Health-care systems rely on a level of inherent trust from the public, and health-care impersonation (among many other factors such as previous negative personal or historical experiences with the medical system, etc.) erodes this trust and renders health-care delivery more difficult. In addition, this diverts precious resources (salary, funding, opportunities, etc.) away from certified and qualified professional colleagues.

Among the 16 cases in Canada and internationally mentioned in our research, the most common factors in impersonations were:

  1. Stolen identity, accessed original or forged documentation/materials: Individuals were able to acquire certificates and registration information that were falsely created by themselves or diploma mills (where an estimated half of new United States PhDs are fake) or received original documentation from official certifying and regulatory bodies.
  2. Incomplete training and/or training in another health-care profession: Having previous experience in the field helps impersonators limit obvious medical errors.
  3. Impersonation at multiple institutions and/or impersonation after being caught: Oftentimes, individuals are caught and continue to work in either the same location or in other institutions.
  4. Improper verification of CV/documentation: During recruitment and onboarding, administration and staff fail to identify irregularities and/or verify the validity of an impersonator’s dossier.
  5. Psychiatric and/or intellectual disability:y: Individuals can be declared unfit to stand trial and have their cases dismissed due to their mental state.
  6. Clothing: white lab coat, stethoscope, etc.: The appearance of a health-care worker is easy to simulate and the inherent trust that patients and staff have make it easy for impersonators to blend in.
  7. Online impersonation: Social media, etc.
  8. Staff shortages: The need for health-care workers both before (a 2010 study found that Canadian hospital nurse turnover rate was at 19.9 per cent) and exacerbated by the pandemic puts undue pressure on staff to quickly review applicant portfolios and fill gaps in care. It encourages impersonators to fill this gap for prestige, monetary gain or due to a sense of personal duty to help the public in a time of crisis. The president of the Canadian Union of Public Employees Local 204, Debbie Boissonneault, has stated “[Hospitals] should be having regular staff. They shouldn’t have these uncertified [workers] coming from all over. They really need to beef up their staff so this doesn’t happen.”
  9. Whistleblower(s) fears: Potential reprisal and cultural, organizational and individual health-care factors prevent health-care workers from identifying both suspected imposters and/or malpractice. They may feel like they are “working against the team” and will cover for them instead.

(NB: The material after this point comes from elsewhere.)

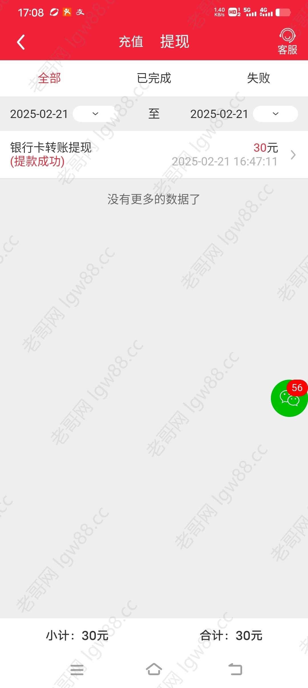 贪心了提现30块到账了 ,他这个是三分彩代打,代打15期正常半个小时就行,自己做短信图去 地址看图

Among the consequences in the 16 cases we examined, were fines, jail time, loss of employment, etc. (in 2019, Australia doubled the fines and added the possibility of three years prison time for impersonators of registered health practitioners); implementation of security practices, re-reviewing employee files, changing governing policies and protocols, etc.; and claim(s) of patient harm.

One of the simplest solutions for health-care organizations is to redesign employee ID badges. Health-care already places great importance on identifying patients and families, for the sake of greater communication, therapeutic relationship development, and delivery of high-quality care, so why not the same for health-care professions? Patients wish to know the roles of members of their health-care team and 88 per cent of patients say it is very important to know the training level of their emergency department doctor (medical student vs. resident vs. attending doctor). These are a crucial element of security that are often overlooked and that can also be repurposed at an institutional level to improve patient care and staff satisfaction and efficiency.

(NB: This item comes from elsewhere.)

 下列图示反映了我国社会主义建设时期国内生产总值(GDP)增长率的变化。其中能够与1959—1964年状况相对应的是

We explored health-care ID card designs of 15 sample IDs from various hospitals across three provinces in Canada (Fig. 1) and found some elements that should be standardized across the country:

  1. Photo: This should focus on the face and limit non-crucial identifying elements (a person’s shoulders/chest). A sleeve or overlaminate should be considered to protect the integrity of the photo from cleaning (for infection control) and/or friction. This overlaminate can use holographic pattern or other security features to deter fraud. Allowing for easy visual identification from a distance will also allow for all institutional IDs to be used as a portrait on PPE. Laminated headshot portraits fixed to the outside of a health-care worker’s PPE humanize the alienating appearance of masks. Based on feedback from the use of more than 3,700 PPE portraits through PPE Portraits Canada, having the hospital ID badge become the de facto PPE Portrait has the advantage of reducing the self-consciousness of health-care workers and allows for PPE portraits to be commonplace during both pandemic and non-pandemic times.
  2. Orientation: A vertical badge orientation is optimal for a larger image of the health-care professional while maintaining the essential elements of a hospital ID card.
  3. Badge buddy: This is an additional identifier that hangs below the ID badge and is solely dedicated to the person’s title and/or position, with easy identification through colour-coding. These decrease misidentification of health-care professionals’ positions and roles as well as workplace biases and stereotypes, leading to greater inclusivity. For example, female emergency physicians are at an increased risk of feeling undervalued when having to specify their role and female residents are more likely to be misidentified – a badge buddy reduces gender-based aggressions. These badges can educate patients regarding the range of professions within their interdisciplinary care, allowing for greater recognition and appreciation toward all health-care workers. In a similar vein, a pilot study looked at displaying the health-care professional’s name and role on scrub caps/headwear in the operating room (OR). This inexpensive intervention was found to improve teamwork and communication within the OR; badge buddies likely would have similar benefits in other environments and situations where teams aren’t as familiar with one another (such as with rotating trainees) and/or whenever PPE is used.
  4. Font size, colour, and bolding: This allows for contrast and emphasis on the most important information on the card. In some cases, the person’s last name would be bolded and/or larger than the first name and titles would be in a different color or be highlighted. Institutions should consider selecting a colour palette that accommodates for colour blindness.
  5. Expiration date: This is an important detail for temporary workers and trainees that rotate frequently.
  6. Multilingual: Necessary for greater local inclusivity.
  7. Humanizing touches: One of the hospital IDs had a heart printed onto it, indicating an institutional philosophy (likely care being given from the heart). Though non-empirical in nature, one doctor felt that “Hello my name is” badges helped humanize colleagues in the emergency department, an environment where staff are often unfamiliar with each other and short on time and resources.
  8. Removal of other element of unknown utility: hospital addresses; QR/bar codes; including both the hospital name and logo in addition to the affiliated-university’s name and logo.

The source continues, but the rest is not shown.